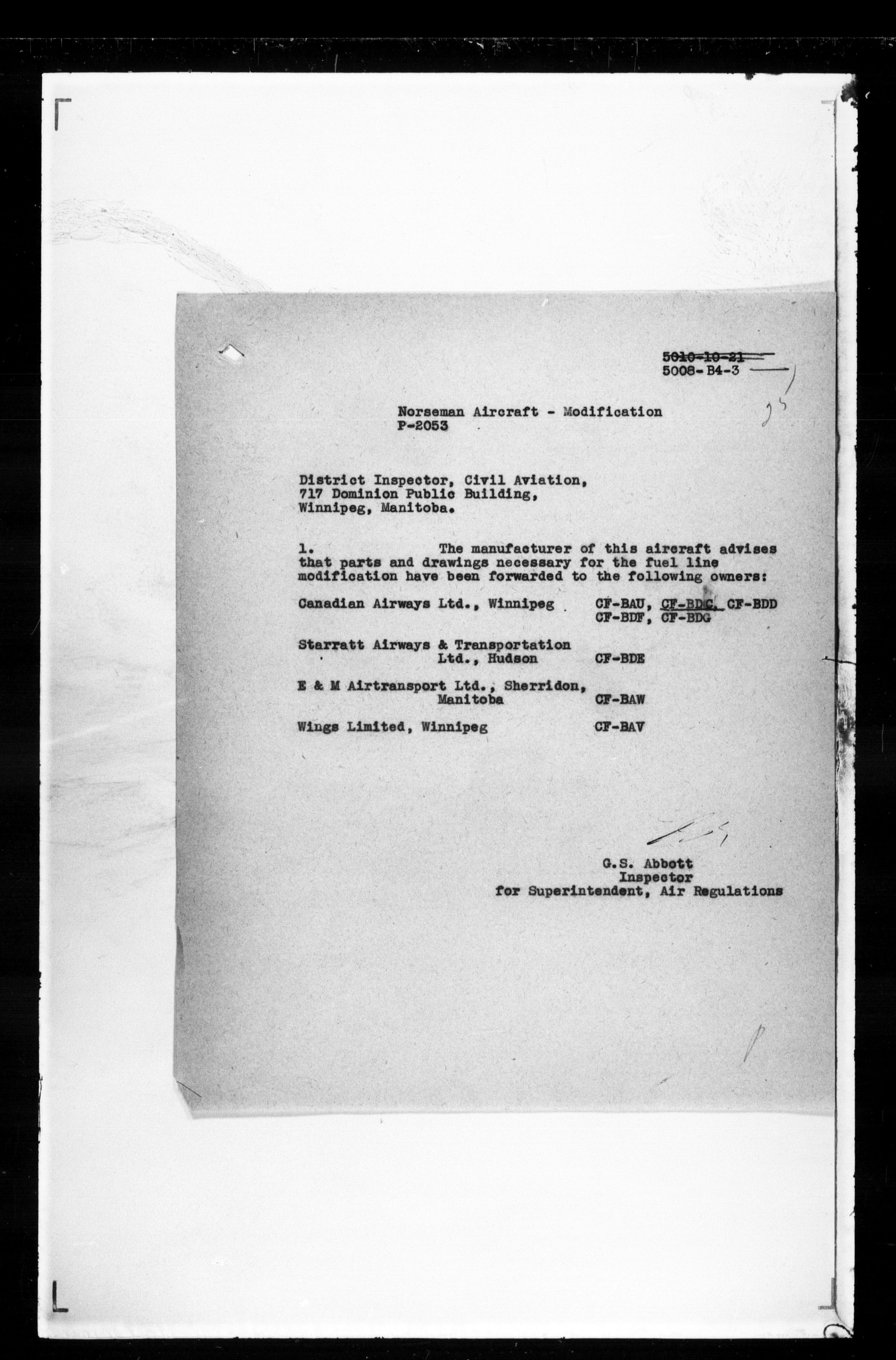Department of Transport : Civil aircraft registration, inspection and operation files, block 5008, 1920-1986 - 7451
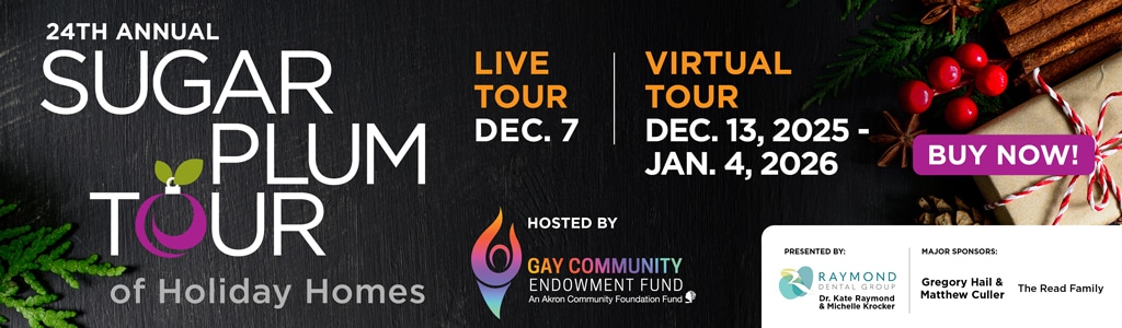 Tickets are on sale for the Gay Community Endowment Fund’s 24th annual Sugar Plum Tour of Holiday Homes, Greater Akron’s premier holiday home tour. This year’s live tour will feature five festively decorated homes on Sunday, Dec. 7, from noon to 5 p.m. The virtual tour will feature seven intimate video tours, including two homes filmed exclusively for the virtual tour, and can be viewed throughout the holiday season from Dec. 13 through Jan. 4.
==*==
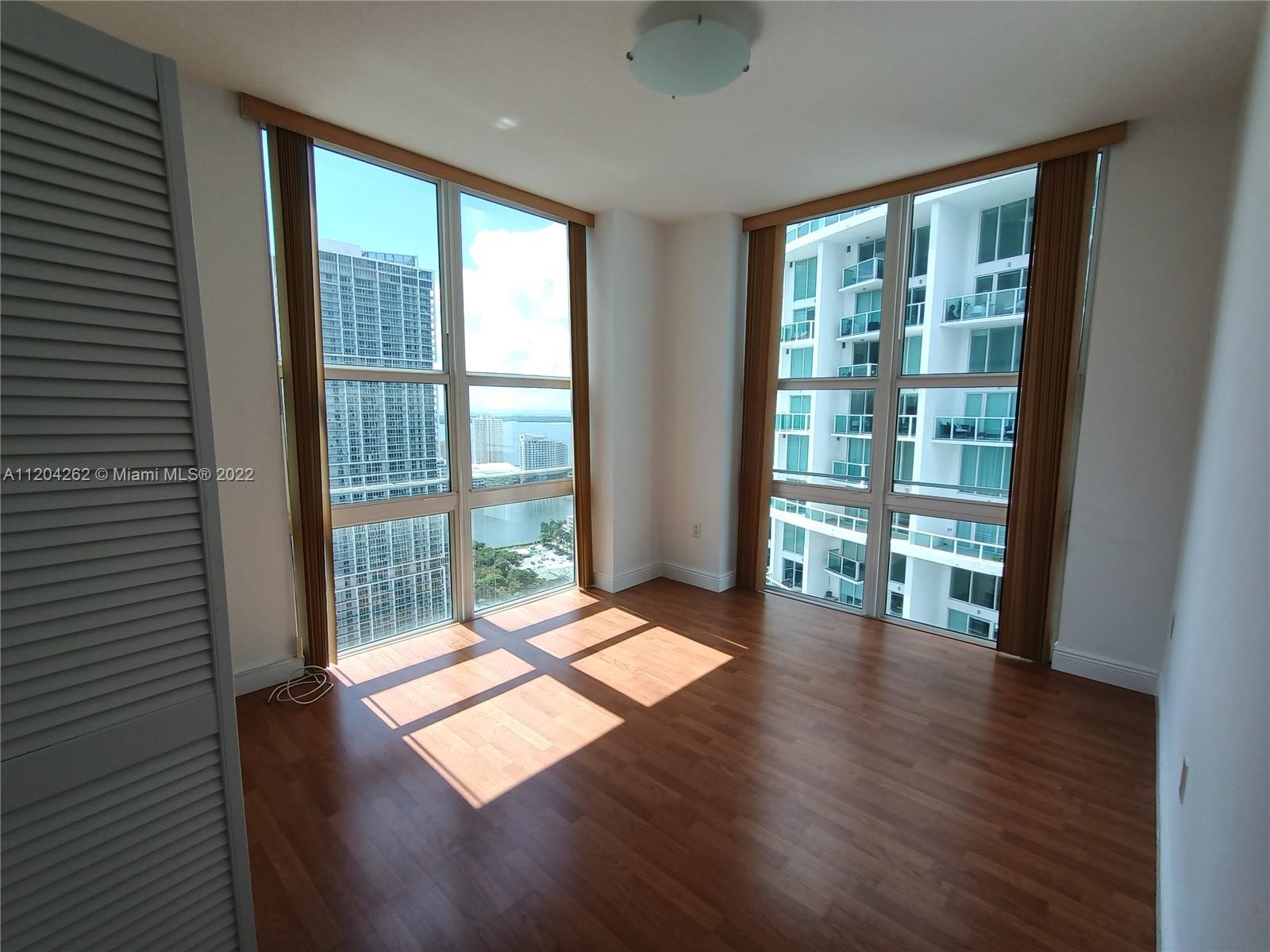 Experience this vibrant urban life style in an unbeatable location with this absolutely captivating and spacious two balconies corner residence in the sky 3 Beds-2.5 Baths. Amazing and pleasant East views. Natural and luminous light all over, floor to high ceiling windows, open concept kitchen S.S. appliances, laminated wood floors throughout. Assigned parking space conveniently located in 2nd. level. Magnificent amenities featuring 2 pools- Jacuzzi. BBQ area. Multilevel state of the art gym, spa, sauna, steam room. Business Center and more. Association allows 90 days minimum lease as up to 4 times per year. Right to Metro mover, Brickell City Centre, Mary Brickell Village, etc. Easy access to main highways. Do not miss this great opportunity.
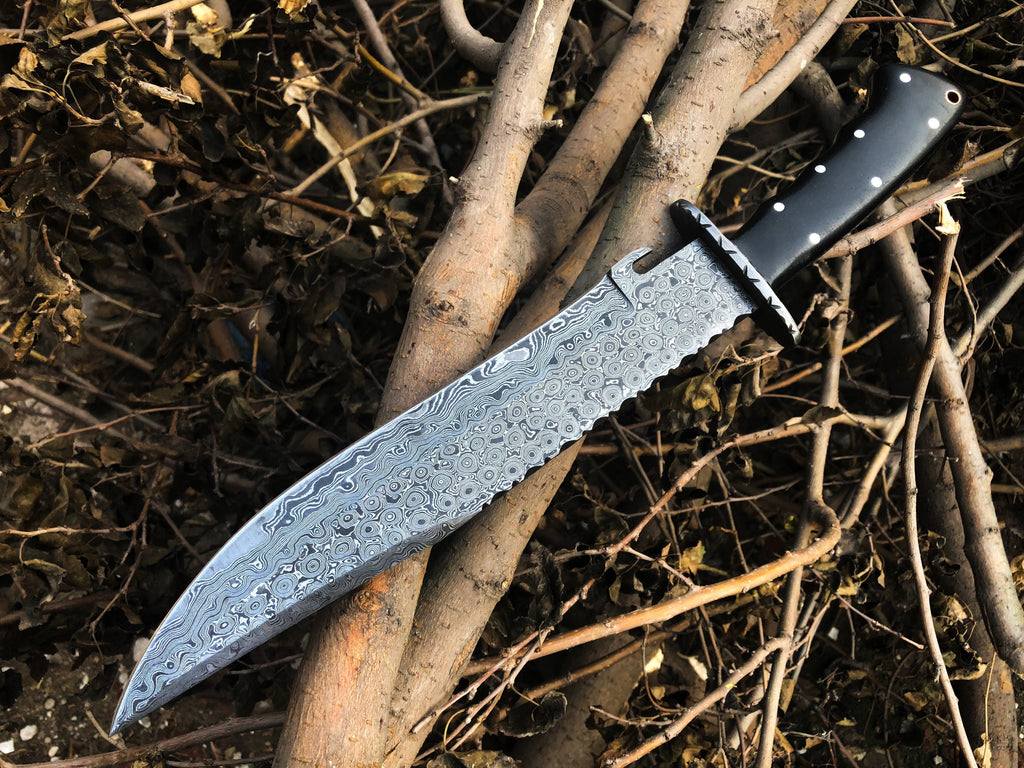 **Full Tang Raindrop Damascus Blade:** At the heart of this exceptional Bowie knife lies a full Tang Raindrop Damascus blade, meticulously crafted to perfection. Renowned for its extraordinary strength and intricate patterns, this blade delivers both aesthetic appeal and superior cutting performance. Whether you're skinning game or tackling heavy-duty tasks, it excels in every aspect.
==*==
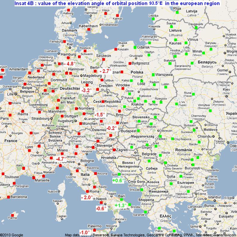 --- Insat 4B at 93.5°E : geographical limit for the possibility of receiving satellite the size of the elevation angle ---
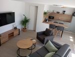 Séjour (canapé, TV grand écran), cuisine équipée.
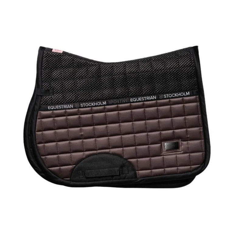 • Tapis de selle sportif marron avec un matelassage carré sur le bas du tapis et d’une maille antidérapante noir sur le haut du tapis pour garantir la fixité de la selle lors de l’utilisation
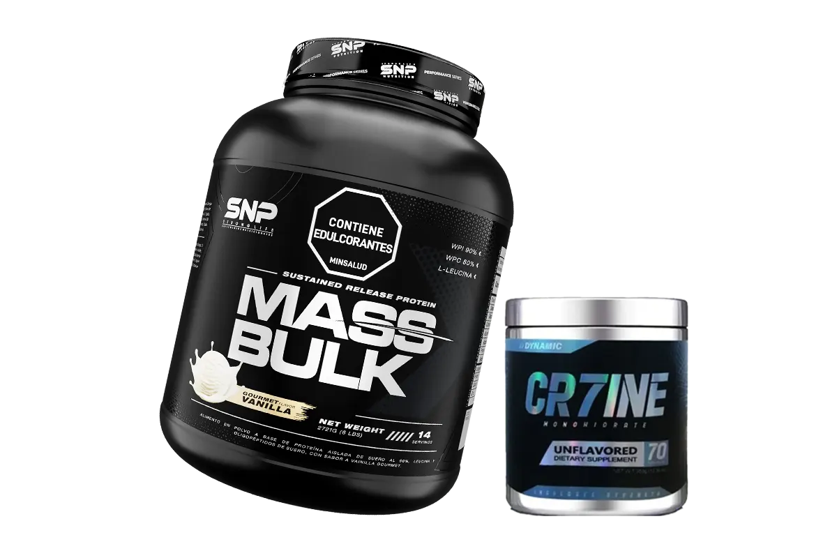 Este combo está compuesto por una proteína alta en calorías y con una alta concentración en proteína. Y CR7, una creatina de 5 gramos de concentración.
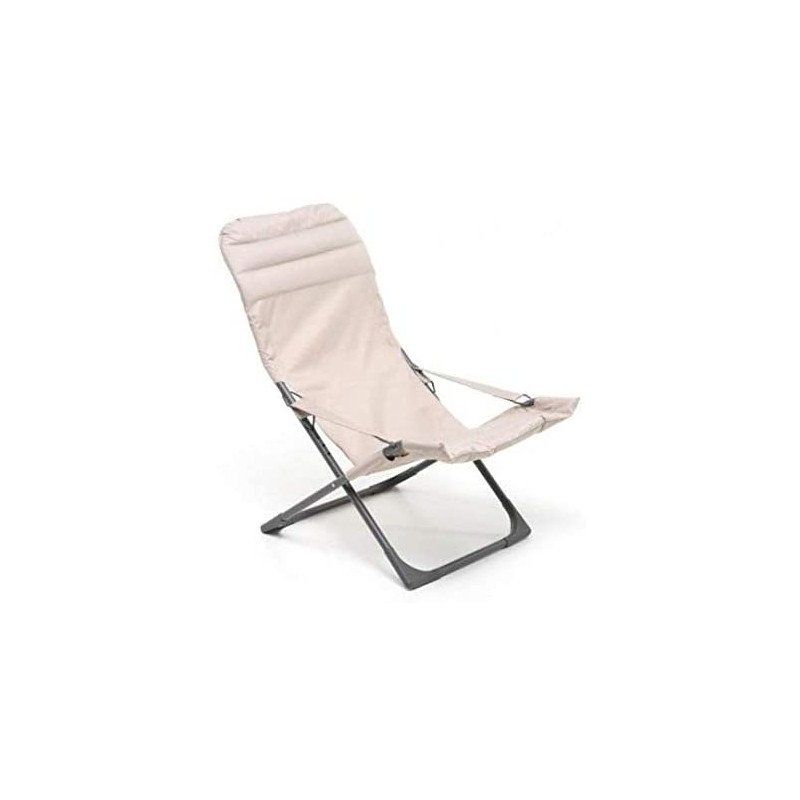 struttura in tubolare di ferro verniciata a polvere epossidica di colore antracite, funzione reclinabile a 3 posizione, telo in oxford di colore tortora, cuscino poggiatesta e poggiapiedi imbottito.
==*==
# EXERCISE REQUIREMENTS
Would you output the lines above from the line holding "lors de l’utilisation" up to and including the line holding "struttura in tubolare", exactly and only those, with no pictures?

# ANSWER TO THIS PROBLEM
 • Tapis de selle sportif marron avec un matelassage carré sur le bas du tapis et d’une maille antidérapante noir sur le haut du tapis pour garantir la fixité de la selle lors de l’utilisation
 Este combo está compuesto por una proteína alta en calorías y con una alta concentración en proteína. Y CR7, una creatina de 5 gramos de concentración.
 struttura in tubolare di ferro verniciata a polvere epossidica di colore antracite, funzione reclinabile a 3 posizione, telo in oxford di colore tortora, cuscino poggiatesta e poggiapiedi imbottito.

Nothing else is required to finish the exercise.